Two elements, then, seem to be comprised
in the great fact that we call civilization--two circumstances are necessary
for its existence; it lives upon two conditions, it reveals itself in two
symptoms: the progress of society, the progress of individuals; or, the
amelioration of the social system, the expansion of the mind and faculties
of man. Wherever the exterior condition of man becomes enlarged, quickened
and improved, wherever the intellectual nature of man distinguishes itself
by its energy, brilliancy and grandeur, wherever these two signs concur,
and they do so often, despite the gravest imperfections in the social system,
there man proclaims and applauds civilization.
Such, if I mistake not, would be the idea
that mankind, in general, would form of civilization after a simple and
rational inquiry into the meaning of the term. This view is confirmed by
History. If we ask of her what has been the character of every great crisis
favorable to civilization, if we examine those great events which have
carried it forward, we shall always find one or another of the two elements
that I have just described. There have always been epochs of individual
or social improvement when events have either wrought a change in individual
man, his opinions and his manners or in his exterior condition and situation
as regards his relationship with his fellow men. For example, Christianity--I
allude not merely to the first moment of its appearance but to the first
centuries of its existence--Christianity was in no way addressed to the
social condition of man. It distinctly disclaimed all interference with
it. It commanded the slave to obey his master. It attacked none of the
great evils, none of the gross acts of injustice by which the social system
of that day was disfigured. Yet who cannot acknowledge that Christianity has
been one of the greatest promoters of civilization? And why? Because it
has changed the interior condition of man, his opinions, his sentiments
and because it has regenerated his moral and intellectual character.

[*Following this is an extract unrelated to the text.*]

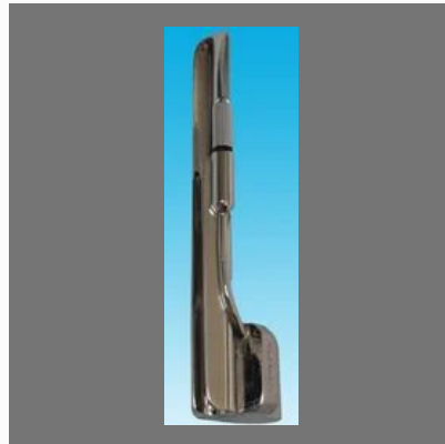
Laryngoscope Miller Blade

We have seen a crisis of an opposite nature,
a crisis affecting not the intellectual but the outward condition of man,
which has changed and regenerated society. This is also, rest assured,
a decisive crisis of civilization. If we search through history, we shall
everywhere find the same result. We shall meet with no important event
that had a direct influence in the advancement of civilization that had
not exercised it in one of the two ways I have just mentioned.
I hope that I have given you a clear
idea of the two elements of which civilization is composed.